Maybe there is a legitimate business case to allow partial data entry,
in which case, you may need a different approach or a way to identify
partial/incomplete records etc. 

-- 
Tim Cross



Re: Enforcing uniqueness on [real estate/postal] addresses

From
"Peter J. Holzer"
Date:
On 2020-05-12 10:49:22 +1000, Tim Cross wrote:
> Peter Devoy <peter@3xe.co.uk> writes:
> > I need to store addresses for properties (as in real estate) so in my
> > naivety I created a unique constraint like this:
> >
> > ALTER TABLE properties
> >     ADD CONSTRAINT is_unique_address
> >     UNIQUE (
> >         description, --e.g. Land north of Foo Cottage
> >         address_identifier_general,
> >         street,
> >         postcode
> >     );
> >
> > Of course, if any of the fields are NULL (which they often are) I end
> > up with duplicates.
[...]
>
> Personally, I don't like the idea of using empty strings just to avoid
> having nulls. This is probably a personal preference, but for me null
> and '' are quite different. A null indicates an unknown - we don't know
> what the value is. An empty string i.e. '' means there is no value (i.e.
> we know it has no value). The difference is quite subtle and may not
> seem relevant. It may not be or it may be or it may become relevant in
> the future. General rule of thumb for me is that my model should reflect
> the known information and should always avoid any data transformation or
> mapping which reduces the known information.
>
> I would step back a bit and think about why/what constraint you really
> need and what needs to be unique. The first field which jumps out for me
> is description. Is this really a unique value?

As the coonstraint stands, it isn't. Only description,
address_identifier_general, street and postcode together are unique.

I'd therefore ask the question in the other direction:

Is is possible to have two entries which have the same
address_identifier_general, street and postcode, but different
descriptions? What does that mean? To different properties which happen
to be at the same place or two descriptions for the same property?

(What is an address_identifier_general, btw?)
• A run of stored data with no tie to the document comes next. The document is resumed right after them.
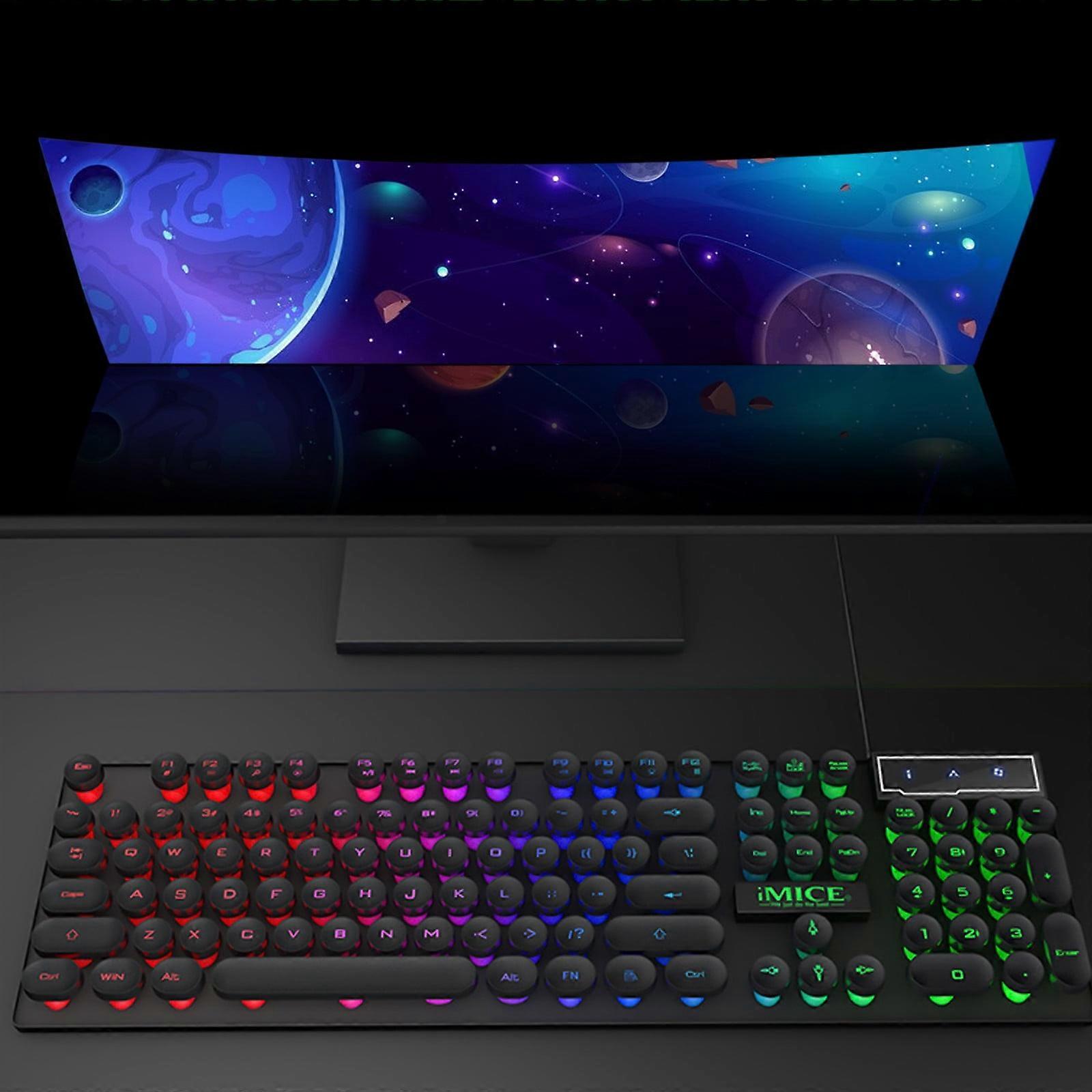 Wired Gaming Keyboard, 104 Keys, Round Caps, LED Tricolor Backlight, Multimedia Control, Compatible with Windows, 80% off!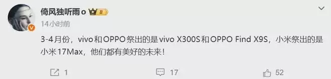 【博主曝小米17 Max等国产新机最早将于3月发布】1月11日,数码博主“倚风独听雨”发文透露,一批国产新机将于今年3月-4月发布,包括vivo X300s、OPPO Find X9s、小米17 Max。同时,该博主表示,小米17 Max采用无背屏设计。此前,数码博主“数码闲聊站”透露,小米17 Max定位“大电池大屏旗舰机”,采用6.8-6.9英寸极窄四等边大直屏,搭载高通第五代骁龙8至尊版平台,号称“全能大屏旗舰”。同时,“数码闲聊站”曾称,OPPO Find X9 Ultra将搭载高通第五代骁龙8至尊版,预计将采用6.3英寸小屏,暂定3月发布。(鞭牛士)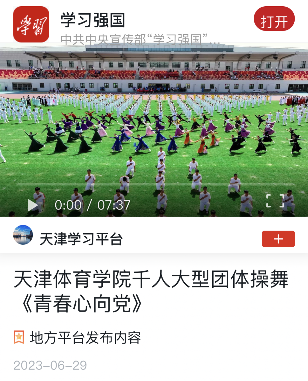 6月29日,学习强国天津学习平台播发情色视频 千人大型团体操舞《青春心向党》。

I agree with the rest of posting.

        hp

--
   _  | Peter J. Holzer    | Story must make more sense than reality.
|_|_) |                    |
| |   | hjp@hjp.at         |    -- Charles Stross, "Creative writing
__/   | http://www.hjp.at/ |       challenge!"

Attachment

Re: Enforcing uniqueness on [real estate/postal] addresses

From
Peter Devoy
Date:
>Is is possible to have two entries which have the same
>address_identifier_general, street and postcode, but different
>descriptions?

Unfortunately, yes.  The data comes from gov't systems to
regulate the development/alteration of arbitrary pieces of property and
those pieces do not always have a postal address.  E.g. a farmer may
one year apply to erect a wind turbine in "field north of Foo Cottage"
and the next year apply to demolish "barnhouse west of Foo Cottage".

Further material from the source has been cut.